The antiracist movement has many of the hallmarks of a [Christian] cult, including staying close enough to the Bible to avoid immediate detection and hiding the fact that is has a new theology and a new glossary of terms that diverge ever-so-slightly from Christian orthodoxy. At least at first. In classic cult fashion, they borrow from the familiar and accepted, then infuse it with new meaning. This allows the cult to appeal to the faithful within the dominant, orthodox religions from which is draws its converts. (Voddie Baucham, fault lines, page 67)
We will discuss in more details the impacts of the Critical Tyrannies' hijacking of language in a later post. It took me a while to understand how subtle and effective their appropriation of language is. Definitions become fluid. The same word can have extremely divergent definitions in close proximity, too. This is on purpose.
In this post, I want to show how effective this is with a few terms commonly used by the Critical Race Theorists--the wokesters: racism/racist and white supremacy/supremacist. With both these terms, the true meanings have softened considerably compared to the classical definitions and common, uninitiated understanding of the words.
In Wokelish, racism generally refers to the disparate outcomes between races in arenas like income, life expectation, representation among management or executives, net worth, grade distribution, medical outcomes, etc, etc, etc, etc, ad nauseum.
White supremacy is the term used to describe the fact that whites are the typically the winners in the disparate outcomes noted above.
Not so bad, and it does represent reality...apparently.
This is where it gets tautological, you see. If you don't know what a tautology is, let me enlighten you:
A statement that is true by necessity or by virtue of its logical form.
"A tree is tall or it is not tall" would be a tautology. It can't be falsified. If the tree is short, it's a true statement. If the tree is tall...you get the drift.

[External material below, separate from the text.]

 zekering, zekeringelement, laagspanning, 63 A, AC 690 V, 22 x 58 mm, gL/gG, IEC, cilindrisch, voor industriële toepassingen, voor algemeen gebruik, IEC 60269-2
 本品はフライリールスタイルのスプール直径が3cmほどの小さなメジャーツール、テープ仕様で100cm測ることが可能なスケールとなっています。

The tautology of systemic racism relies on the uninitiated hearer not understanding what the wokester is really saying. Your typical Joe Shmoe or Jane Doe hears "systemic racism" and thinks "the people in power over the institution [church, school, justice system, etc.] think people of color (POC) are inferior." This sounds really, really bad--but today it also sounds preposterous. Who really thinks that these days?
So, you might ask the wokester, "How do you know this institution is racist?" The wokester reply will be: "Well, you see, POCs [have low representation in management, more people convicted of crimes, make less money, die at a higher rates of COVID, etc.]. So the evidence presented to prove racism is the disparate outcome. However, in wokester language, inequity of outcome is also the definition of racist or racism. The evidence is the definition. Hence, it can't be falsified.
But they don't tell you the word games they play. Instead, they let the emotional thrust of the classical meaning prick your heart and inflame your emotions, but then play slight of hand with the definitions. It's clever.
However, if you deny that the institution is racist in the woke meaning, the word quickly reverts back to the classical meaning (relating to the belief in the superiority or inferiority of a race or races) and is then applied to you as an individual. And then the efforts of cancelling begin.
Here's the good news. When you hit a tautology espoused by a religion or worldview, you've likely found a presupposition/fundamental assumption of the worldview. In other words, you've hit something that is accepted without question--something they take on faith. For wokesters, a key presupposition is this: disparate outcomes spring only from systemic racism. Robin DeAngelo admits this by saying: "The question is not if racism is at play, but how is it at play?"
This cannot be falsified. It can't be tested. It's truly tautological. But wokeism is also intensely postmodern, so who cares about falsifiability? Power defines truth. Power is synonymous with truth.
In contrast, Christianity has a fundamental assumption is that the Bible is God's revelation to mankind. However, the Bible also claims to be just that: God's very words. It's my assumption, and I take that on faith. It seems tautological, but it's not. It could be falsified, but in my view, it hasn't. It makes truth claims that could be disproven, and says that God does not lie. That would falsify it.
However, despite that, one still must accept the truthfulness of the claim on faith. It could be shown false, but never absolutely true by evidentiary means.